• Source data:
○ ○ ○ ○ ○

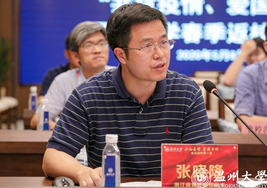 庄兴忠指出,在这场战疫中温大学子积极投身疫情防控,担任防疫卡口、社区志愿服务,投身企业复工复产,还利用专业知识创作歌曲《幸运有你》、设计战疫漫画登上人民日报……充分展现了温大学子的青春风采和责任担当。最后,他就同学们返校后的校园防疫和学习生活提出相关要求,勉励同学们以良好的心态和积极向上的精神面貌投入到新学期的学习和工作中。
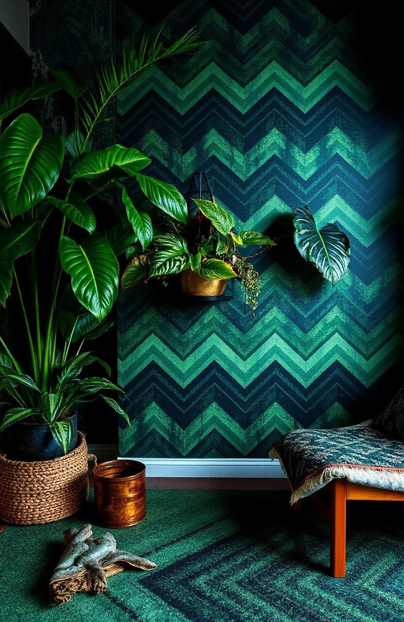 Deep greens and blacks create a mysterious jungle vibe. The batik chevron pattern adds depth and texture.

○ ○ ○ ○ ○

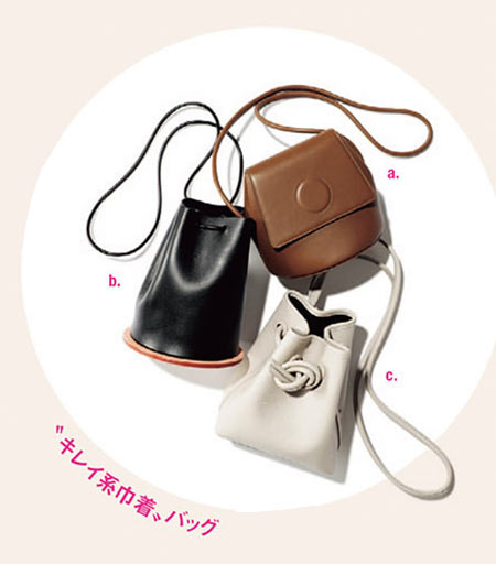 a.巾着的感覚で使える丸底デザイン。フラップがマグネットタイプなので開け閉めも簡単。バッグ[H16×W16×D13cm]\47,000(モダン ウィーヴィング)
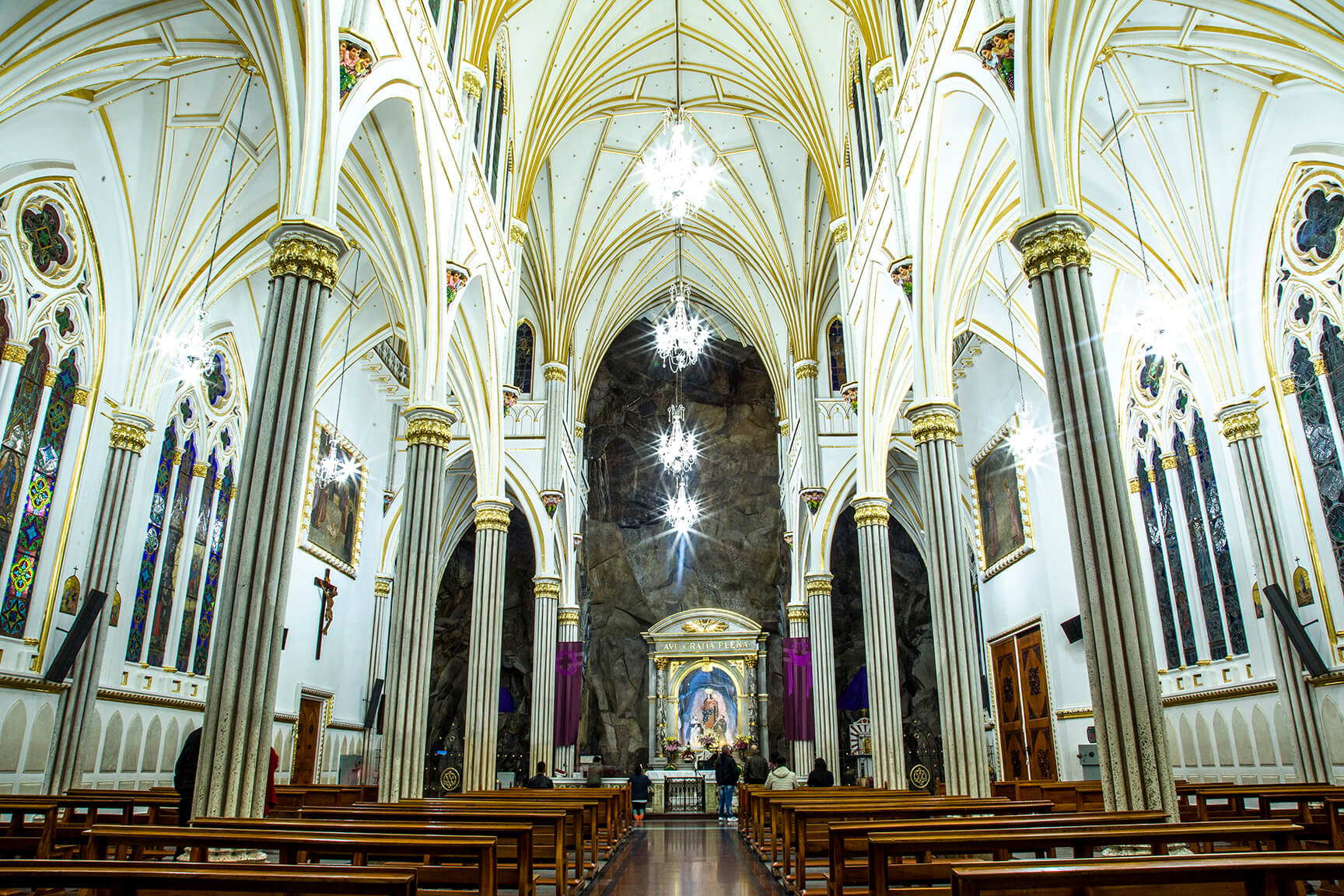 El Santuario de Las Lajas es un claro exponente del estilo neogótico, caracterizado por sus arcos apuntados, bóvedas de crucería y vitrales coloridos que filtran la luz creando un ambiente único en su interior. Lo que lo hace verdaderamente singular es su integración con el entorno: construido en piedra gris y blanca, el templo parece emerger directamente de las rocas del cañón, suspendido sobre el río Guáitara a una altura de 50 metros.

○ ○ ○ ○ ○

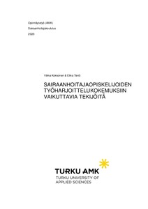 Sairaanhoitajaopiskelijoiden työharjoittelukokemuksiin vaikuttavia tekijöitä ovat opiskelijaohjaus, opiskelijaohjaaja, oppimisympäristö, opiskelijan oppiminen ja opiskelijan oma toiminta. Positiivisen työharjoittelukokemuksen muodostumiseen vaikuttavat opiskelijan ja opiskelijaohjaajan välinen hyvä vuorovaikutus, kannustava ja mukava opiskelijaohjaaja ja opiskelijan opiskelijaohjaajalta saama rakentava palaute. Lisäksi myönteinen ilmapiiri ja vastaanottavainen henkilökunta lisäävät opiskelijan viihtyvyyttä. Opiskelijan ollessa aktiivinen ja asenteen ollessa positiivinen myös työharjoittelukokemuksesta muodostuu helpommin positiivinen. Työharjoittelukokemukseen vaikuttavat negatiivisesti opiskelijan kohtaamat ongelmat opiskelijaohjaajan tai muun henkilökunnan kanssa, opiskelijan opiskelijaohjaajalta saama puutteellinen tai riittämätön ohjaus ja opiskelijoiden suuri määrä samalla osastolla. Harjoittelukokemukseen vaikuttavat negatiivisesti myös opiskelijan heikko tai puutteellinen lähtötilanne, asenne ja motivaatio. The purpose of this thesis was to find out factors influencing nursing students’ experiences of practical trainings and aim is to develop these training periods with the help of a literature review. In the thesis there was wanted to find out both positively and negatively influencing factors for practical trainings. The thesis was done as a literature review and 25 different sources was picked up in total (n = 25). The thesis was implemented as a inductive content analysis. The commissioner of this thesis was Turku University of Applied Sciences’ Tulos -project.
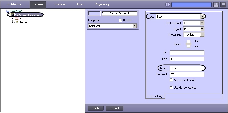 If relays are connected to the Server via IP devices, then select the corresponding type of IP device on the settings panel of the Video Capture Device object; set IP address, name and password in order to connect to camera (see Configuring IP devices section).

○ ○ ○ ○ ○

• Task statement: With the pictures omitted, print the lines above exactly, beginning at the line with "庄兴忠指出,在这场战疫中温大" and going on through the line with "Deep greens and".

• Solution:
 庄兴忠指出,在这场战疫中温大学子积极投身疫情防控,担任防疫卡口、社区志愿服务,投身企业复工复产,还利用专业知识创作歌曲《幸运有你》、设计战疫漫画登上人民日报……充分展现了温大学子的青春风采和责任担当。最后,他就同学们返校后的校园防疫和学习生活提出相关要求,勉励同学们以良好的心态和积极向上的精神面貌投入到新学期的学习和工作中。
 Deep greens and blacks create a mysterious jungle vibe. The batik chevron pattern adds depth and texture.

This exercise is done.